By Slow Boat to Djakarta
Sir: TIME is banned in this country. I daresay that I am one of the very few people who have the honor of reading it. A friend in the States sends it regularly simply by removing the cover to avoid postal detection. Sea mail from the States takes two months to reach here, and the latest issue of TIME I have read is May 10. The article "Lincoln and Modern America" is an excellent one. Please pass my compliments to the author.
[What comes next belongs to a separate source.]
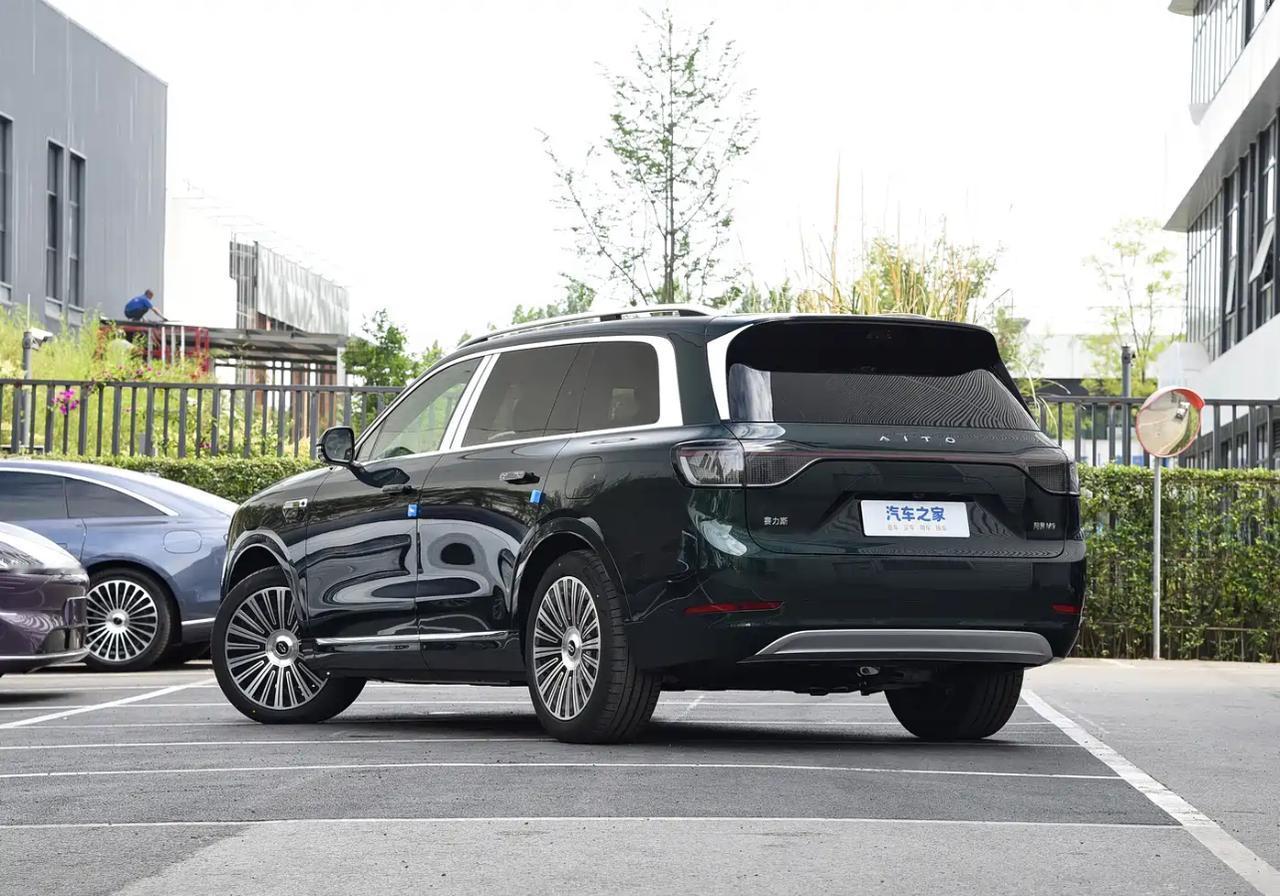 2025款问界M9 官方核心信息 2025款问界M9于2025年3月20日上市,定位豪华大型SUV,推出增程、纯电双动力版本共7款车型,提供5座、6座及尊四座可选,官方指导价46.98万-56.98万元,部分购车权益含增换购减免、功能包补贴等。车身尺寸为5230mm×1999mm×1800mm,轴距3110mm,风阻系数0.264Cd,新增金瑞红双色车漆,标配贯穿式LED灯带与HUAWEI XPIXEL智慧投影大灯,内饰搭载三联屏组合+激光投影巨幕2.0,配备智能隐私车窗、冷暖箱等配置。 动力上,增程版搭载1.5T增程器(最大功率118kW)与双电机,CLTC综合续航最高1474km;纯电版基于800V高压平台,配备100kWh级电池,CLTC续航630km,支持5分钟补能150km。智能驾驶方面,全系标配华为ADS 3.3系统,配备4颗激光雷达及多类传感器,支持全场景领航辅助与跨层泊车;底盘采用华为途灵智能底盘,标配空气悬架与全铝悬架组合,最小转弯半径5.8米。 (图片来源:汽车之家)

Could he be the same person who wrote the article "The Age of Anxiety," which appeared in TIME, March 31, 1961?
Liu JUNG SIN
Djakarta, Indonesia
> Yes.--ED. *
*The Edict of Jan. 6, 1833 ordered all Christians to renounce their faith and, in token of the sincerity of their recantation, to trample the crucifix underfoot. The Peace of June 9, 1885 marked the end of Chinese influence over what is now South Viet Nam and subsequently the advent of French Indo-China.